Yang first heard about Jiabiangou in the 1960s, but started researching the book in the late 1990s. Stories from Jiabiangou was published in 2002, but banned in 2005, remaining out of circulation until the ban was lifted in 2008.

"The abolition of laojiao is a triumph for society, the intellectuals in particular," said Zhou Yongkun, a law professor at Soochow University in eastern China's Jiangsu province, who is one of the most vociferous critics of the laojiao system. "It's also a triumph for Chinese legal practitioners, and most significantly, the ruling party which has shown genuine interest in acting on people's will, in rectifying social injustice, and improving the rule of law."

Zhou believes the system's fundamental flaw lay in the fact that it effectively allowed people to be deprived of their freedom without even being tried by the courts.

"The 'rightists' hadn't committed any specific crimes, but were thought to be harboring bad feelings against the government as a result of their backgrounds," said Zhou. "Laojiao, which was carried out by an administrative order instead of a court ruling, provided an easy way to store these 'subversive elements' without giving them any due-process rights."

However, despite the faults of the laojiao system, not everyone is willing to denounce it completely. "Any discussion about laojiao has to be put into context to have any real meaning," said Song Lu'an, presiding judge of the administrative division at the High People's Court of Henan province. "In the initial decades after the Communist Party came to power, it needed a mechanism to cement its rule and to push through some of its most important policies, land and economic policy, for example, in the face of strong opposition from certain groups and sectors of society."

"At the time there were no jobs except those provided by the state. And since many 'rightists' had lost their jobs as a direct result of their designation, laojiao farms, which actually paid their inmates a paltry, albeit crucial, wage, could well be those people's last chance to work," he said, pointing to the fact that some "rightists" were ordered to choose between laojiao and unemployment. Fearing the uncertainty of a jobless future, many chose laojiao.

Given his current stance, it's surprising to learn that 17 years ago, when he was a doctoral candidate of law, Song published an article in a Chinese legal magazine, advocating the abolition of laojiao.

"My understanding of the system has deepened and broadened ever since, but I haven't changed my view that China should do away with laojiao, especially now, when the country has adopted a market economy and has built a much sounder and sophisticated legal structure," he said.

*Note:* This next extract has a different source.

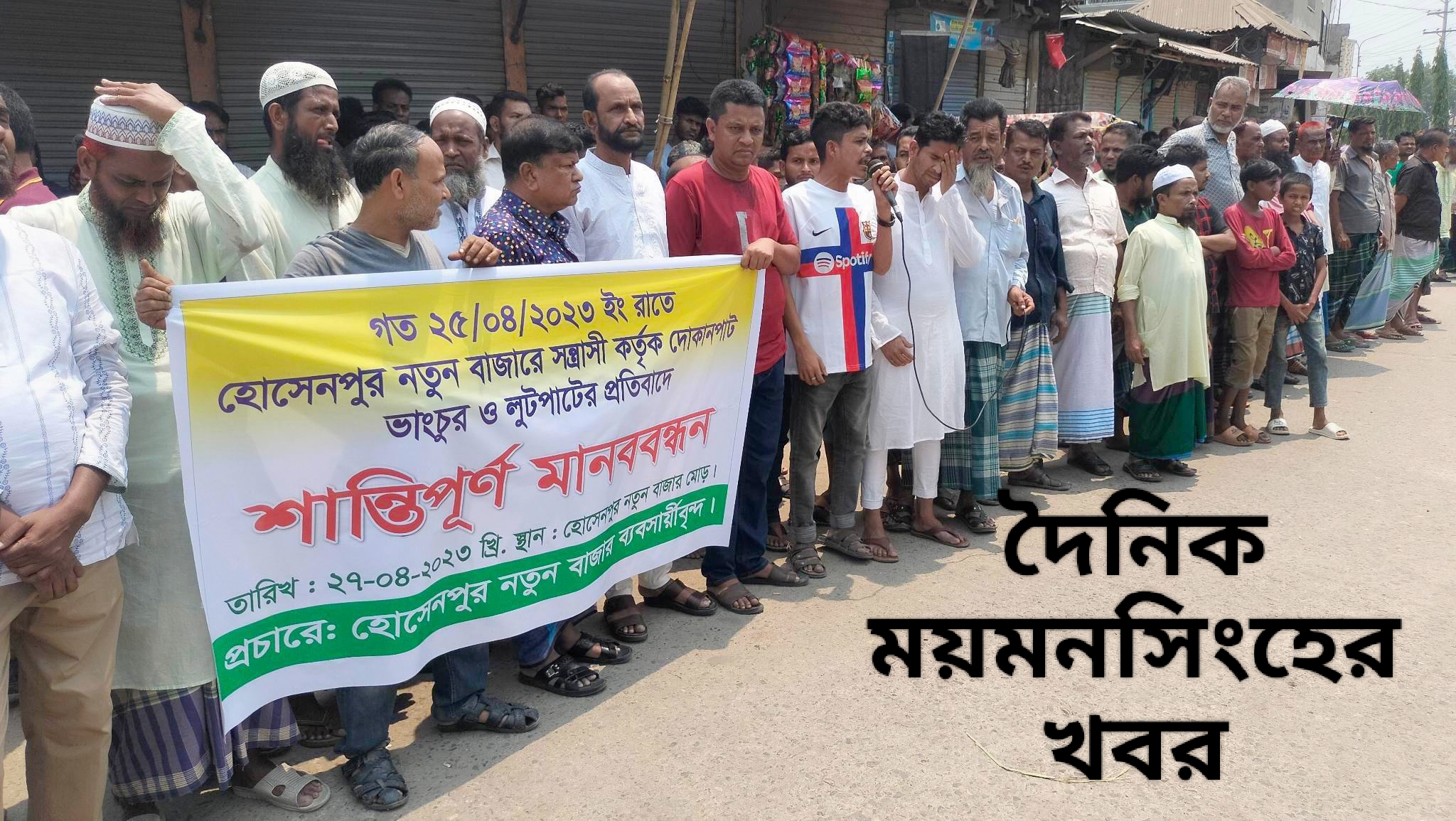 কিশোরগঞ্জের হোসেনপুর নতুন বাজারে সন্ত্রাসী কর্তৃক দোকান পাটে ভাংচুর ও লুটপাটের প্রতিবাদে মানববন্ধন ও বিক্ষোভ মিছিল কর্মসূচী পালন করেছে ব্যবসায়ীরা।

But between then and now, there have been many twists and turns, reflected by the evolution of the laojiao system as much as society in general. "From time to time, the voices of the abolitionists were muffled, or even drowned out, by those who attempted to revise and reform the system," said Zhou, the law professor.

Serious questions about laojiao started to be raised when the reform and opening-up policy was implemented in the late 1970s and early 80s. "With fresh air being breathed into Chinese society, people began to openly express their resentment of arbitrary power and their longing for the restoration of law and order," said Zhou.